そんな人に読んでほしいのが、堀田秀吾氏の『ハーバード、スタンフォード、オックスフォード… 科学的に証明された すごい習慣大百科 人生が変わるテクニック112個集めました』(SBクリエイティブ)である。本書は、心理学や行動経済学、脳科学などの研究にもとづく、多様な分野のテクニックを112個も収録。どれも、脳や心の仕組みを生かした方法のため、気合や忍耐といった精神論に頼るよりも無理なく続けやすい内容となっている。
まず堀田氏は、習慣化は「3つの原理」が大切だと述べている。3つの原理とは、「まず動く」「すでに備わっている習慣にくっつける」「環境を利用する」である。ひとつ目は、行動すると脳の「側坐核(そくざかく)」が働きはじめ、やる気がでる仕組みを活用すること。ふたつ目は、文字通り既存の習慣に新たな行動を足し精神的負担をやわらげる。そして最後は、意図的に環境を整備し、人間の意志決定や行動をより良い方向へ導くこと。この3つを理解すると、脳と体の動きがスムーズになり新しい習慣を取り入れやすくなるのだそう。
そして、気になるテクニックの内容はというと、本書では「仕事の効率化」「勉強」「ダイエット・健康」「コミュニケーション」「メンタル」「生活」と、幅広いテーマの習慣にしたい方法が紹介されている。例えば、「仕事の効率化」に掲載されている「30分以内の昼寝をする」。NASAの研究者たちが飛行機のパイロットに仮眠をとらせたところ、平均26分の睡眠をとったときに、パフォーマンスがもっとも向上する結果となった。向上率は34%を記録したという。加えて、この実験では30分以上寝ると生産性が落ちることもわかっている。長時間の睡眠=生産性が上がる、というわけではないのだ。
筆者も、午後の始業前に26分の昼寝を取り入れてみたところ、心身ともにスッキリとした状態で仕事を始められた。午前中の疲れや昼食後の眠気を引きずることなく、仕事を進められるのは嬉しい。そして、昼寝をしないときより集中力も増したと感じている。実際に、キーボードのタイプミスや文章の誤字脱字が減ったのだ。

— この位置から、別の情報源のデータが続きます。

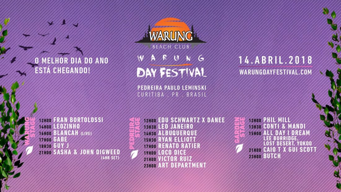 El 14 de abril se celebra la 5ª edición del «Warung Day Festival» Curitiba-Brazil, espectáculo ya consagrado y una de las fiestas más esperadas en el calendario de eventos y conciertos de Brasil. Este es uno de los principales proyectos internacionales de música electrónica y sus ramificaciones sonoras en América del Sur. En cuanto a las noticias, el festival anuncia el aguardado line-up, que estará en cada uno de los tres grandiosos escenarios con más de 12 horas de música, donde 25 artistas van a presentarse en los escenarios Warung Stage, Pedrera Stage y Garden Stage.
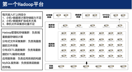 2014年底海南移动搭建了12台的Hadoop节点,集群较简单,2015年海南移动每天接入5T上网信令,彼时传统架构的弊端更为明显,小机+数据库计算存储能力不足,扩容成本太高,单机文件采集吞吐量不足。为了解决以上弊端,海南移动构建了Hadoop管理和存储集群,包括分布式文件采集集群、分布式ETL调度集群、应用服务器、MySQL服务器,第一个Hadoop平台就此成型。

この他にも、「ダイエット・健康」の「おでこをトントンする」は、自身の額を指先で30秒トントンすることにより暴食を抑えられる。「メンタル」の「朝起きたら楽しかった記憶を思い出す」は、朝目が覚めたときに自身が「美しいな」「楽しいな」などポジティブに感じた記憶を思い出すと、ストレスが軽減されるとのこと。
このように、本書で紹介されているテクニックの多くは、特別な物や準備も不要なため気軽に始められる。実験や研究データをもとにしており信憑性も高い。112個も収録されているため、きっとあなたの日々をより良くする方法に出会えるだろう。